Climate and the Collapse of Maya Civilization

Gerald H. Haug,1*dagger Detlef Günther,2 Larry C. Peterson,3 Daniel M. Sigman,4 Konrad A. Hughen,5 Beat Aeschlimann2

In the anoxic Cariaco Basin of the southern Caribbean, the bulk titanium content of undisturbed sediment reflects variations in riverine input and the hydrological cycle over northern tropical South America. A seasonally resolved record of titanium shows that the collapse of Maya civilization in the Terminal Classic Period occurred during an extended regional dry period, punctuated by more intense multiyear droughts centered at approximately 810, 860, and 910 A.D. These new data suggest that a century-scale decline in rainfall put a general strain on resources in the region, which was then exacerbated by abrupt drought events, contributing to the social stresses that led to the Maya demise.

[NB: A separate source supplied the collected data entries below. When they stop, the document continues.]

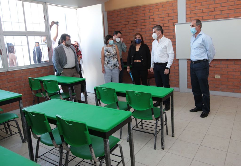 Expresó que pese a los embates de la pandemia, hoy las autoridades estatales y municipales se dan cita para entregar esta nueva escuela, que podrá iniciar con clases presenciales el próximo mes de agosto.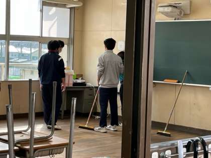 お世話になった教室に感謝を込めて丁寧に掃除をしてくれています。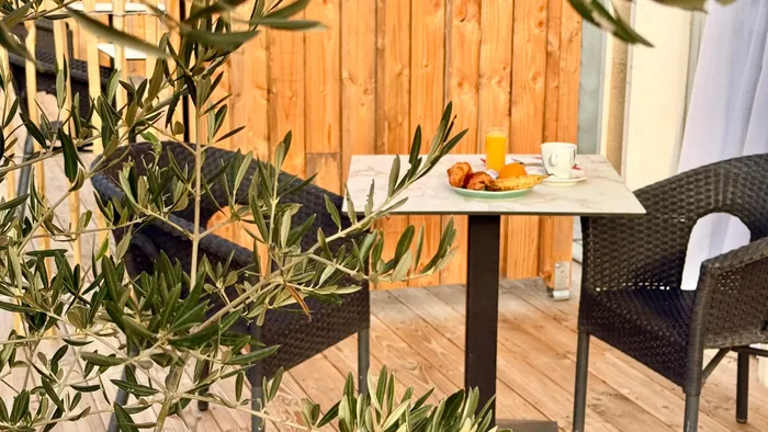 Our superior rooms open onto a wooded terrace, offering a peaceful space where you can work or simply relax.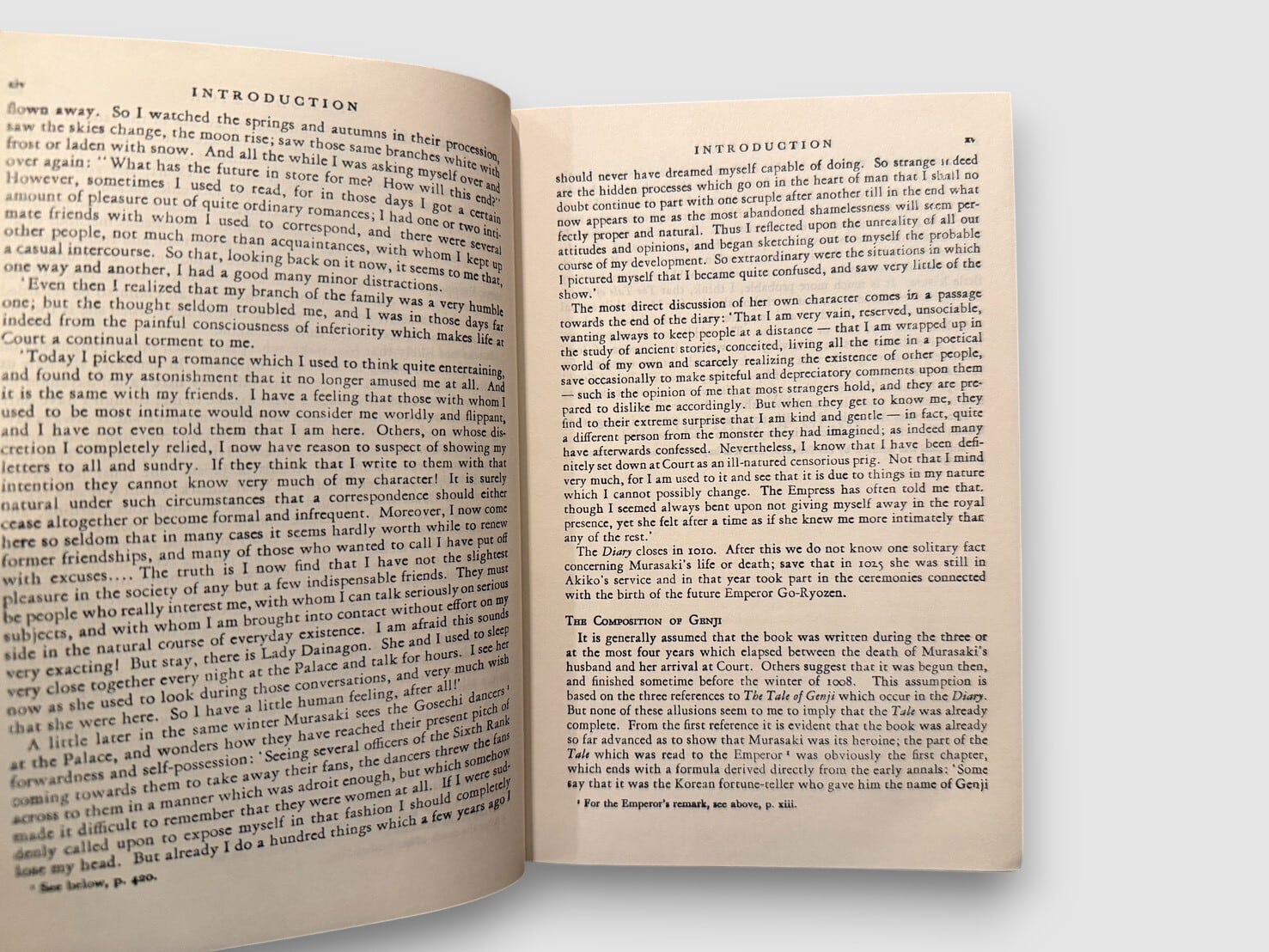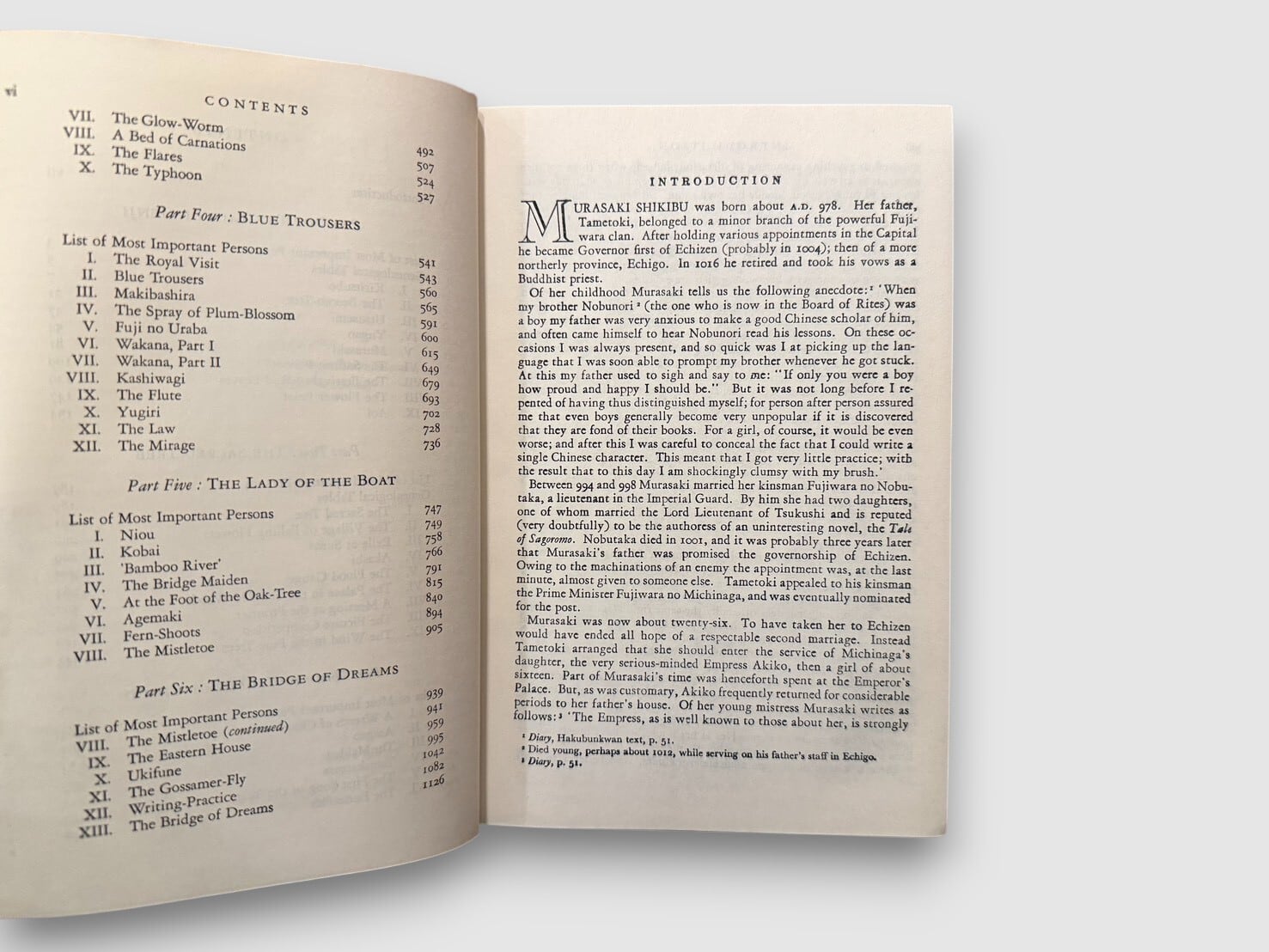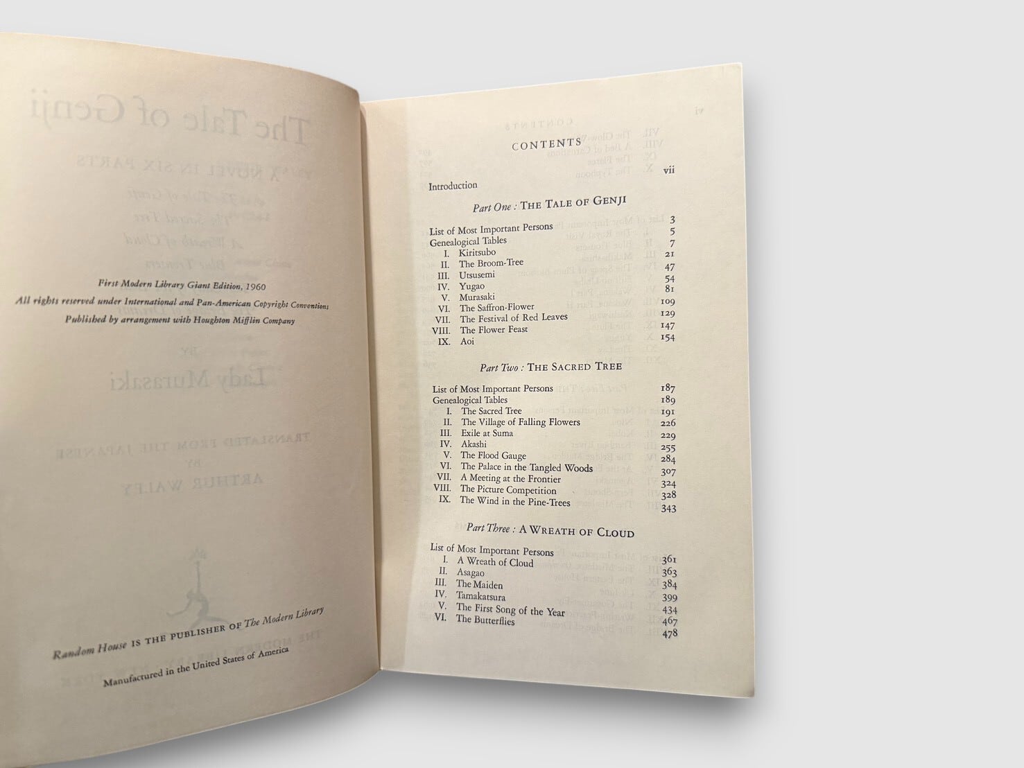 11世紀初頭に紫式部によって書かれた『源氏物語』を、20世紀英文学を代表する翻訳家アーサー・ウェイリーが英訳した名高い一冊。本書は A Novel in Six Parts として構成され、表紙に “Complete and Unabridged” と明記されたフルレングスの英訳版。後年より厳密な学術的全訳が登場した現在においても、本書はなお「古典的英訳の決定版(classic English translation)」として評価され続けており、日本古典文学が世界文学として受容されていく過程を象徴する歴史的名訳とされ、文学史・翻訳史の双方において重要な位置を占める一冊である。1960年刊行モダン・ライブラリー・ジャイアント版初版。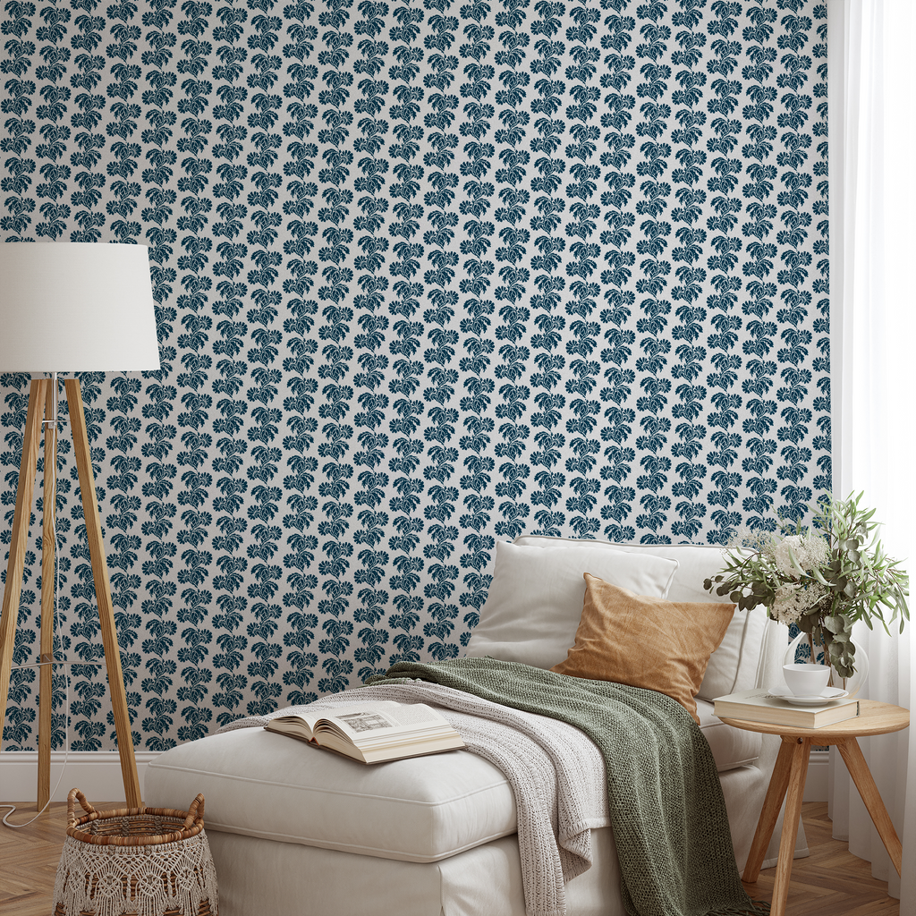 Elegant damask-inspired floral pattern in blue, featuring traditional botanical motifs arranged in a repeating vertical layout. Perfect for heritage-style rooms.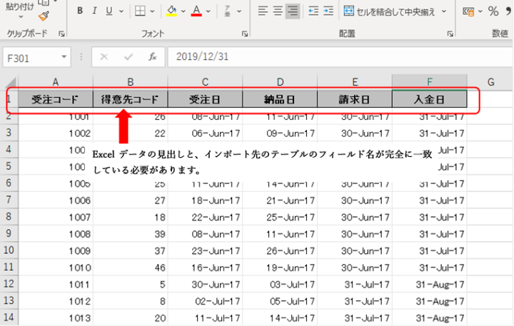 またExcelの各列のデータが、インポート先のフィールドのデータ型と一致している、フィールドサイズが範囲内に納まっている必要があります。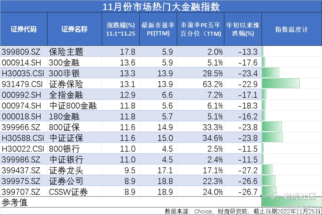 和其它大盘板块一样,经历了10月份一轮较大的杀跌之后,金融板块进入11月份之后开始反弹,其中申万非银金融11月份以来就已经上涨10.7%。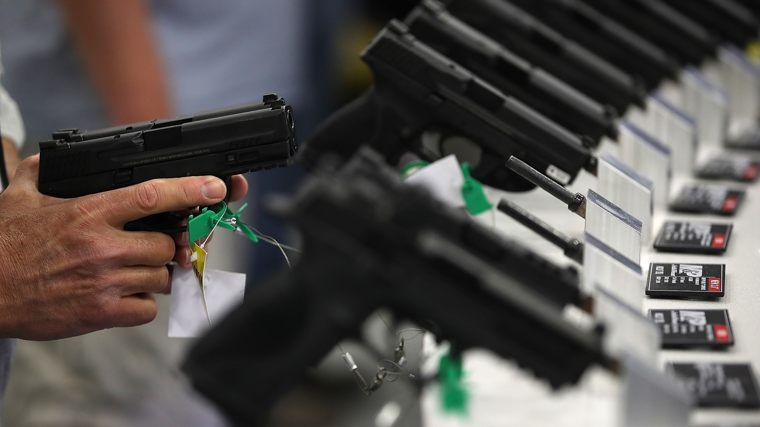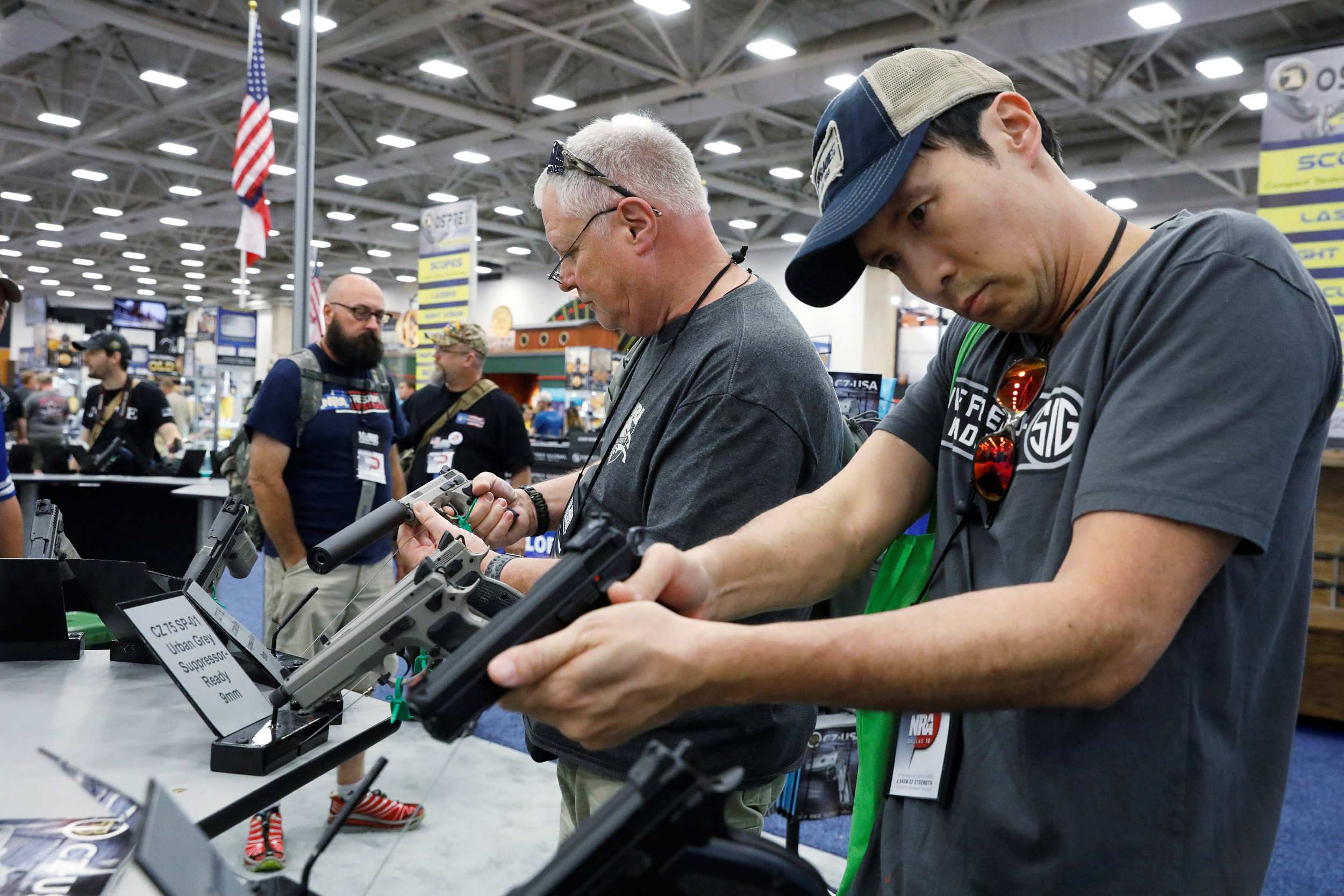 Gun enthusiasts inspect firearms during the annual National Rifle Association (NRA) convention in Dallas, Texas, US, on May 5, 2018. /VCG Photo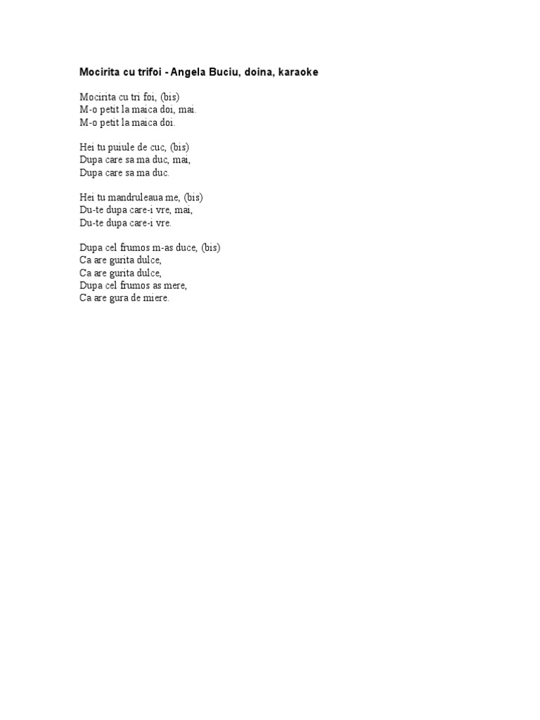 D Bm G A Mocirita Cu Trifoi D Bm E7 A Mocirita Cu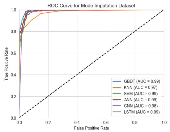 33]. Specifically, GBDT, SVM, CNN, and LSTM consistently achieved ROC-AUC values of 0.99 (see
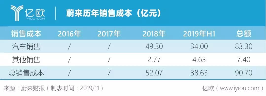财报显示,2018年至2019年Q2,蔚来的销售成本累计达90.7亿元,平均到一台车上约48.01万元。这意味着每卖出一辆车,蔚来仅在销售方面就要为此支出近50万人民币。

1 Department of Earth Sciences,
2 Department of Chemistry, ETH, CH-8092 Zürich, Switzerland.
3 Rosenstiel School of Marine and Atmospheric Science, University of Miami, Miami, FL 33149, USA.
4 Department of Geosciences, Princeton University, Princeton, NJ 08544, USA.
5 Department of Marine Chemistry and Geochemistry, Woods Hole Oceanographic Institution, Woods Hole, MA 02543, USA.
*   To whom correspondence should be addressed. E-mail: haug{at}gfz-potsdam.de.

dagger    Present address: Geoforschungszentrum Potsdam, D-14473 Potsdam, Germany.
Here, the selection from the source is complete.